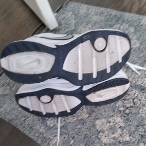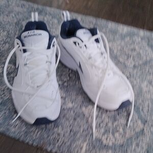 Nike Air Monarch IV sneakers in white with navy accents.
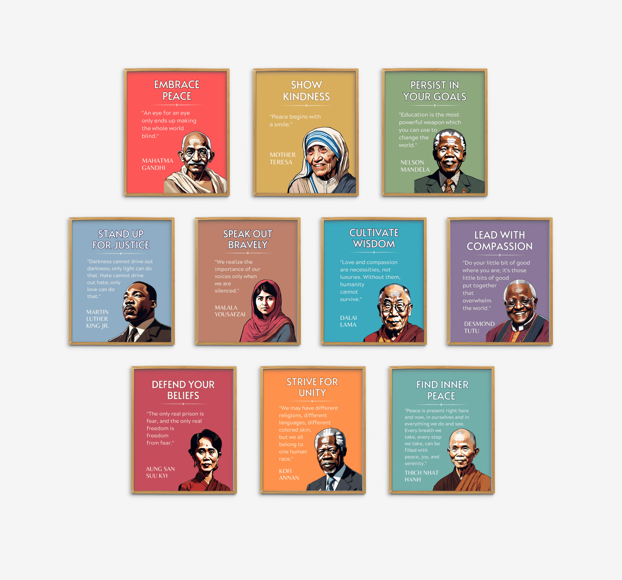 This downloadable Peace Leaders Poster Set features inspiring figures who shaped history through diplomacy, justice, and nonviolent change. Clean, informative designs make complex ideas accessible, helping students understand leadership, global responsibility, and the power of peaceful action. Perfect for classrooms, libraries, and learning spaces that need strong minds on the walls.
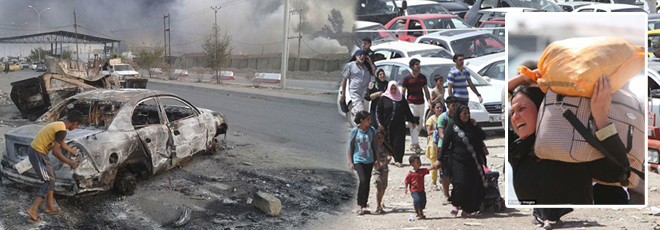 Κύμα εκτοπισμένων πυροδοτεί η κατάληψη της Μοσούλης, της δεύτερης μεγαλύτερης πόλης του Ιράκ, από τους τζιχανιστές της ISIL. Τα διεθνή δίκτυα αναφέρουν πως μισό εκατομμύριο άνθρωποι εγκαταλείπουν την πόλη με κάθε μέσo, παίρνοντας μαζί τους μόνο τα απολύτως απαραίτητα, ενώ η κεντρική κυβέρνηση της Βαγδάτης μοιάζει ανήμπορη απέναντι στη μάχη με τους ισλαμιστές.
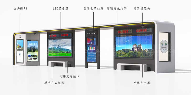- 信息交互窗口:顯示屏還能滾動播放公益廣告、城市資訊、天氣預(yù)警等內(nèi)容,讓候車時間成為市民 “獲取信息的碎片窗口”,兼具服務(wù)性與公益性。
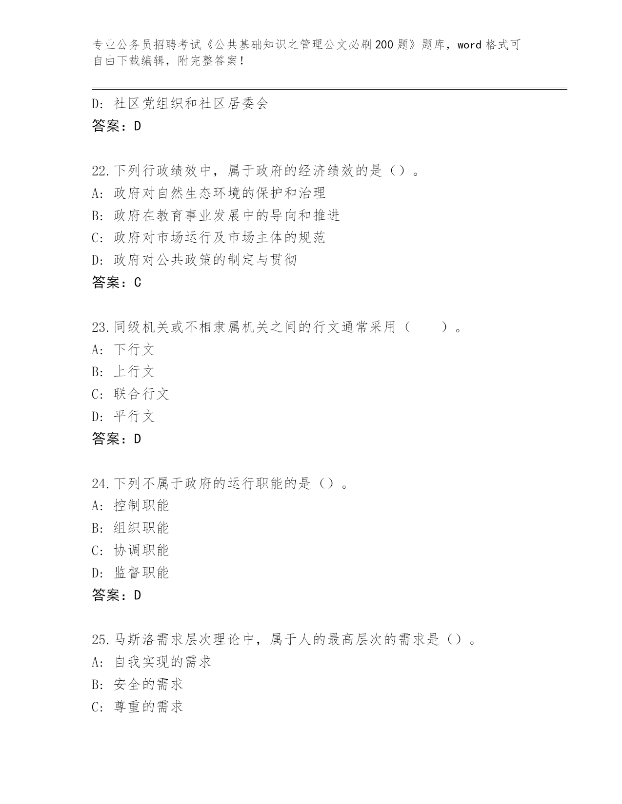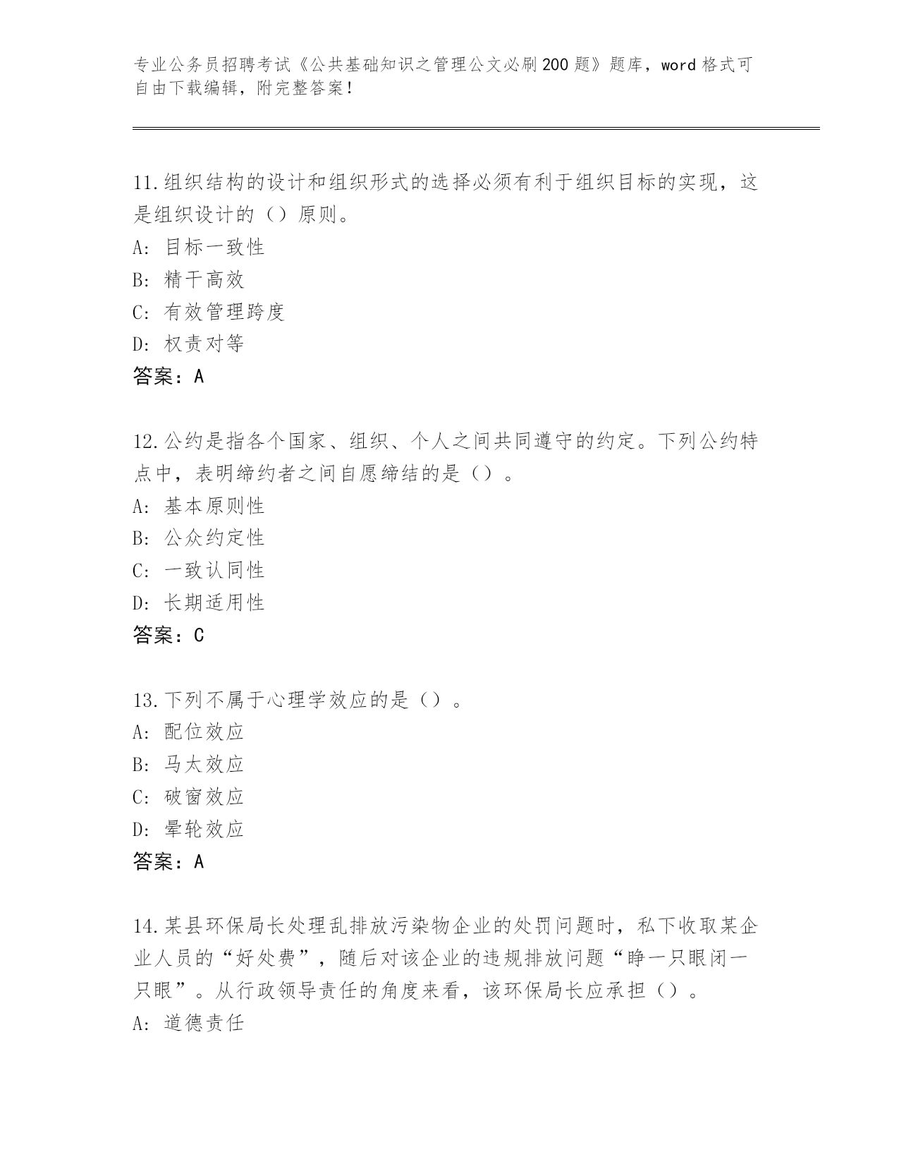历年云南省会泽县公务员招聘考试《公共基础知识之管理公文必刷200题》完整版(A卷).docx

====

• What needs to be done: Reproduce all of the entries above word for word, but leave out their pictures.

• Result for this task:
 Nike Air Monarch IV sneakers in white with navy accents.
 This downloadable Peace Leaders Poster Set features inspiring figures who shaped history through diplomacy, justice, and nonviolent change. Clean, informative designs make complex ideas accessible, helping students understand leadership, global responsibility, and the power of peaceful action. Perfect for classrooms, libraries, and learning spaces that need strong minds on the walls.
 Κύμα εκτοπισμένων πυροδοτεί η κατάληψη της Μοσούλης, της δεύτερης μεγαλύτερης πόλης του Ιράκ, από τους τζιχανιστές της ISIL. Τα διεθνή δίκτυα αναφέρουν πως μισό εκατομμύριο άνθρωποι εγκαταλείπουν την πόλη με κάθε μέσo, παίρνοντας μαζί τους μόνο τα απολύτως απαραίτητα, ενώ η κεντρική κυβέρνηση της Βαγδάτης μοιάζει ανήμπορη απέναντι στη μάχη με τους ισλαμιστές.
- 信息交互窗口:顯示屏還能滾動播放公益廣告、城市資訊、天氣預(yù)警等內(nèi)容,讓候車時間成為市民 “獲取信息的碎片窗口”,兼具服務(wù)性與公益性。
历年云南省会泽县公务员招聘考试《公共基础知识之管理公文必刷200题》完整版(A卷).docx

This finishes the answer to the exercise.